## WHAT YOU HAVE TO DO
The required output is the exact run of lines below that opens at the line with "Grande piatto tondo" and closes at the line with "Suplementos GIOVEGEN Integral".

## STORED DATA
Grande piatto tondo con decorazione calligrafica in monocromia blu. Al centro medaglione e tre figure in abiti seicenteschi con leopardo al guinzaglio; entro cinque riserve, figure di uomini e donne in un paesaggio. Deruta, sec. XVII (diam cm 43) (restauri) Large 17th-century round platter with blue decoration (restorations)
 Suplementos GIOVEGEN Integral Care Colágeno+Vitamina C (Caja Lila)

==

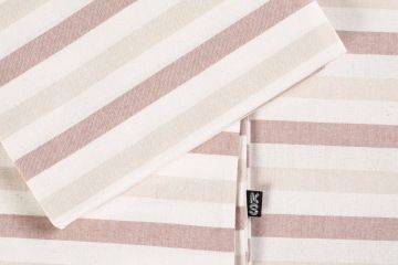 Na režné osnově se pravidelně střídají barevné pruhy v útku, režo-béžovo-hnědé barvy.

## ANSWER SPACE
Grande piatto tondo con decorazione calligrafica in monocromia blu. Al centro medaglione e tre figure in abiti seicenteschi con leopardo al guinzaglio; entro cinque riserve, figure di uomini e donne in un paesaggio. Deruta, sec. XVII (diam cm 43) (restauri) Large 17th-century round platter with blue decoration (restorations)
 Suplementos GIOVEGEN Integral Care Colágeno+Vitamina C (Caja Lila)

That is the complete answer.